Btw., _Penthorum_ has been placed in Crassulaceae as well as in Saxifragaceae and an own family, Penthoraceae. In cladistic analyses _Penthorum_ turns out to be closer related to Haloragaceae (i.a. _Myriophyllum_ and _Proserpinaca_) than to Crassulaceae. Consequently taxonomists now favour the family Penthoraceae for the genus _Penthorum_.
http://www.mobot.org/MOBOT/Research/Apweb/orders/saxifragalesweb.htm


----------



## Cavan Allen

Interesting stuff. That was definitely on my to-do list as far as the family goes (_Scrophulariaceae_ too, but that's another story).
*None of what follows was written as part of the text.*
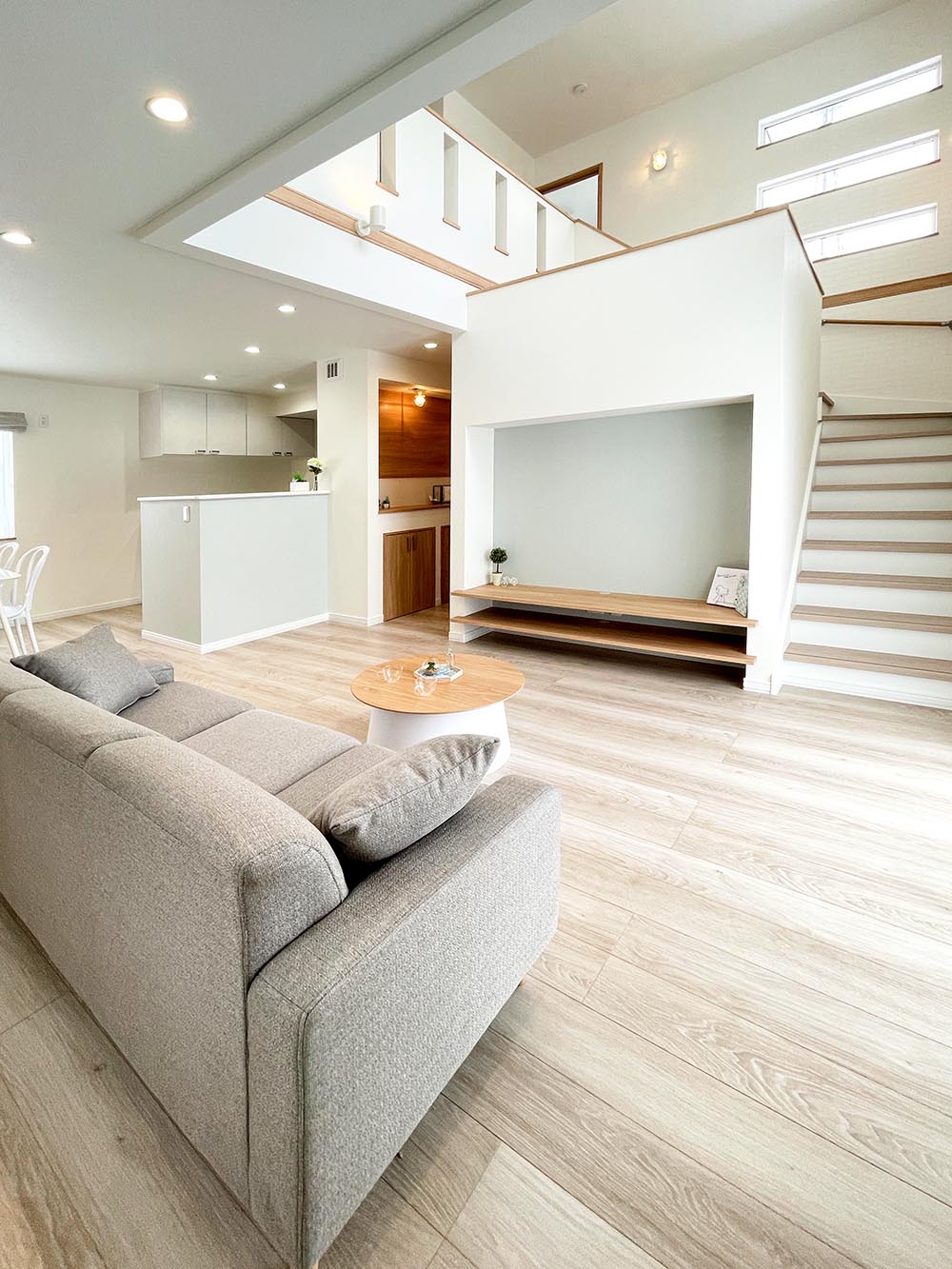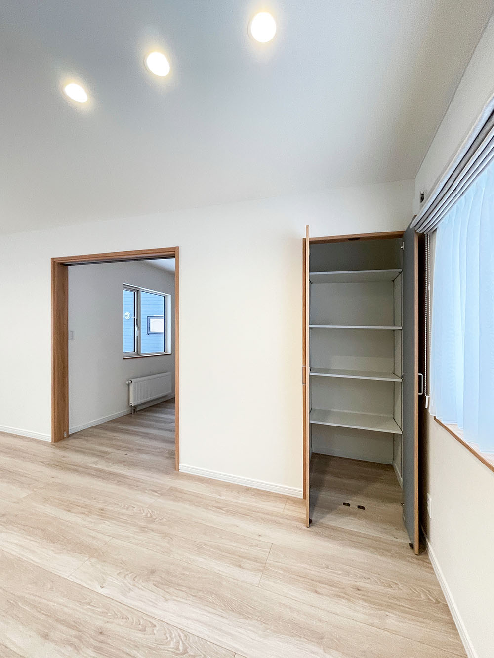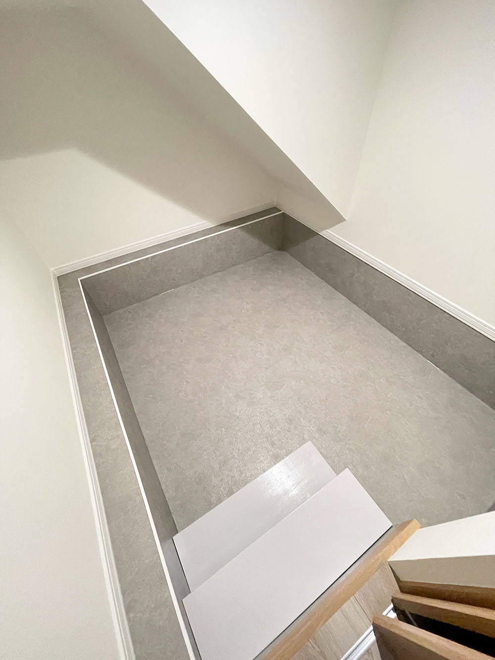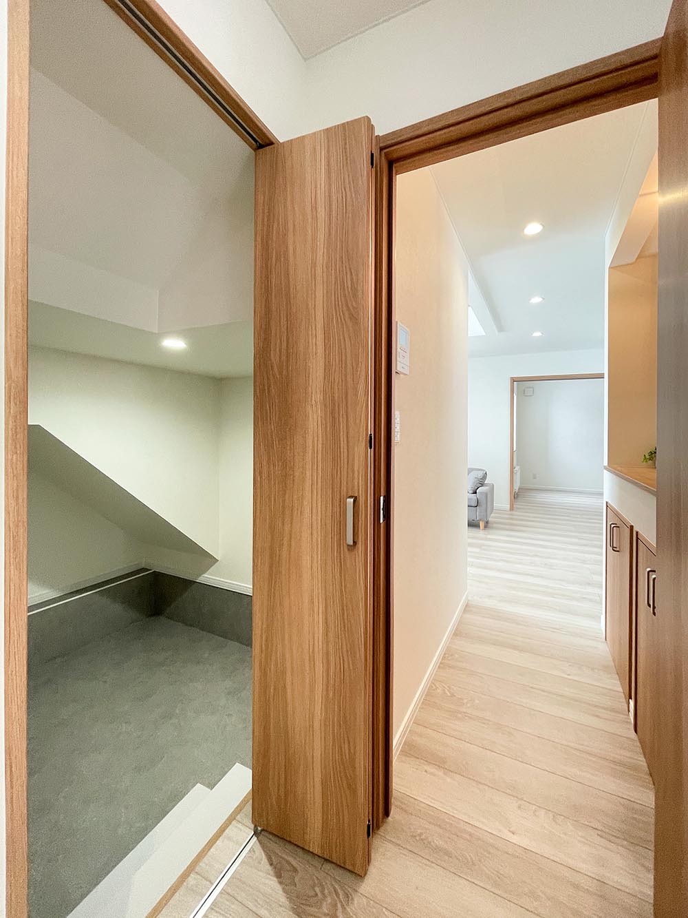 中2階の下は収納になっています。この収納スペースはしっかりと内装も施されますので、収納としてはもちろん、子供たちの秘密基地や、わんちゃんねこちゃんたちの寛ぎスペース、または大人の為のWEB会議スペースとしてなど、家族の想像力で様々に使えるワクワクのスペース。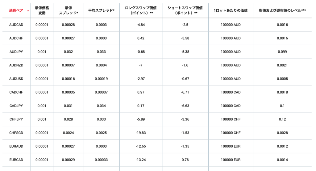 | 豪ドル(AUD) | ◯ | ◯ | ◯ | ◯ |

It appears that there are upright and creeping aquatic forms of _P. sedoides_. It's fairly common, but wild submersed specimens don't usually look very good! They are frequently covered in algae or riddled with holes made by snails. I found some yesterday and barely recognized it.


----------



## miremonster

Scrophulariaceae, oh my god... seems to be still a building site... at the moment I don't know in which strange families they have put e.g. Micranthemum and Bacopa 


> It appears that there are upright and creeping aquatic forms of P. sedoides.


 Interesting; perhaps they would grow different also in tanks!


----------